著者
TAKENORI INOMATA JAEMYOUNG SUNG ALAN YEE AKIRA MURAKAMI YUICHI OKUMURA KEN NAGINO KENTA FUJIO YASUTSUGU AKASAKI AKIE MIDORIKAWA-INOMATA ATSUKO EGUCHI KEIICHI FUJIMOTO TIANXIANG HUANG YUKI MOROOKA MARIA MIURA HURRAMHON SHOKIROVA KUNIHIKO HIROSAWA MIZU OHNO HIROYUKI KOBAYASHI
出版者
The Juntendo Medical Society
雑誌
順天堂醫事雑誌 (ISSN:21879737)
巻号頁・発行日
pp.JMJ22-0032-R, (Released:2023-01-26)
参考文献数
63
被引用文献数
1

During the 5th Science, Technology, and Innovation Basic Plan, the Japanese government proposed a novel societal concept -Society 5.0- that promoted a healthcare system characterized by its capability to provide unintrusive, predictive, longitudinal care through the integration of cyber and physical space. The role of Society 5.0 in managing our quality of vision will become more important in the modern digitalized and aging society, both of which are known risk factors for developing dry eye. Dry eye is the most common ocular surface disease encountered in Japan with symptoms including increased dryness, eye discomfort, and decreased visual acuity. Owing to its complexity, implementation of P4 (predictive, preventive, personalized, participatory) medicine in managing dry eye requires a comprehensive understanding of its pathology, as well as a strategy to visualize and stratify its risk factors. Using DryEyeRhythm®, a mobile health (mHealth) smartphone software (app), we established a route to collect holistic medical big data on dry eye, such as the subjective symptoms and lifestyle data for each individual.
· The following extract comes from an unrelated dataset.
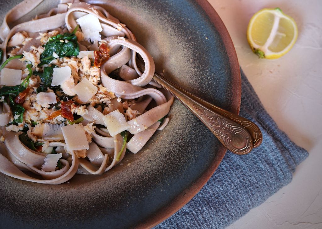 Пастата е прясна от 100% елда (любима напоследък, тъй като е безглутенова и много вкусна). Понеже пастата има склоност да изсъхва, направих сос от водата в която е вряла и горчица, който прекрасно си хармонира с вкусовете на останалите съставки.

The studies to date aided in determining the risk factors for severe dry eye, the association between major depressive disorder and dry eye exacerbation, eye drop treatment adherence, app-based stratification algorithms based on symptomology, blink detection biosensoring as a dry eye-related digital phenotype, and effectiveness of app-based dry eye diagnosis support compared to traditional methods. These results contribute to elucidating disease pathophysiology and promoting preventive and effective measures to counteract dry eye through mHealth.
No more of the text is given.